ISP iiNet has previously estimated the cost of implementing the scheme for itself alone at upwards of $100 million.

The new funding is part of a $450 million package aimed at strengthening intelligence agencies' capabilities and countering extremist messaging.

It comes on top of the $630 million announced last year for Australia's spy and intelligence agencies to fight home-grown terrorism.

Of the $450 million, $296 million will be used to update IT systems to help bolster the capabilities of intelligence agencies, Abbott said.

“To help combat terrorism at home and deter Australians from committing terrorist acts abroad, we need to ensure our security agencies are resourced properly and have the powers to respond to evolving threats and technological change."

Data retention funding not enough

CEO of the Internet Society of Australia Laurie Patton said the Government's promised contribution was inadequate.
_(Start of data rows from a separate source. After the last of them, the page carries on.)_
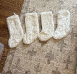 Set Of 4 CB2 Crate Barrel White Snow Faux Fur Christmas Stockings $50Portland, OR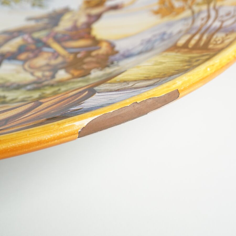 Dans le goût de FAENZA : Important plat circulaire en faïence émaillée polychrome à décor d'une scène mythologique, marquée au dos, 20ème siècle, Diam. 60.5 cm.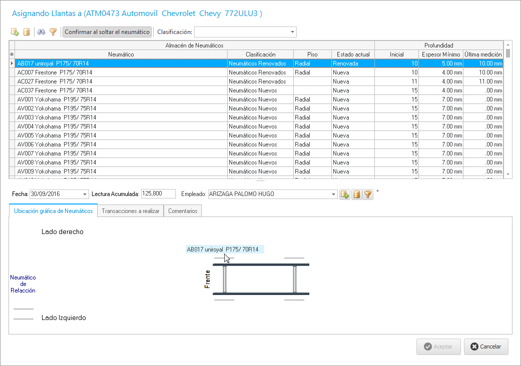 Al hacer clic en si, nos muestra el neumático montado en el vehículo y el registro en la pestaña como se muestra en la siguiente imagen.

"This is less than half the amount the Government itself estimated as the cost to industry when the data retention bill was presented to parliament," Patton said.

He said the implementation process was still being fine-tuned by the Attorney-General's department, and as such it was too early to be capping the amount of funding provided to the industry to cover the cost of compliance.

"The feedback we are giving [AGD] is demonstrating that the Government has greatly underestimated the work involved," Patton said.

"The Government's original cost estimate was not based on widespread industry consultation and the Internet Society is concerned that the costs have been significantly underestimated, especially in respect of small to medium sized ISPs that don't have the resources to undertake the work in-house and therefore will be required to pay for external assistance."

He called on the Government to committ to a funding top-up should there be a significant shortfall once the scheme's final costs have been determined.

"Otherwise the ISP/ telco industry will have to underwrite the difference and this will be passed on to consumers through increased internet fees," Patton said.

Communications Alliance CEO John Stanton said the funding was more than a token contribution, but represented only about a third of the upper point ($319 million) estimates of the scheme's cost.

He told The World Today radio show neither the Government nor the industry had a precise idea of the cost - it would only be at the point the scheme becomes operational that the full cost would be known.

Stanton said he was unaware whether the $131 million was an initial pot of funding for the set-up or the entire amount the Government intended to supply to the scheme, but noted there had been "no indication [the Government] proposes to put its hand in its pocket again".

There was additionally no clarity on how the funds will be allocated to the industry, he said.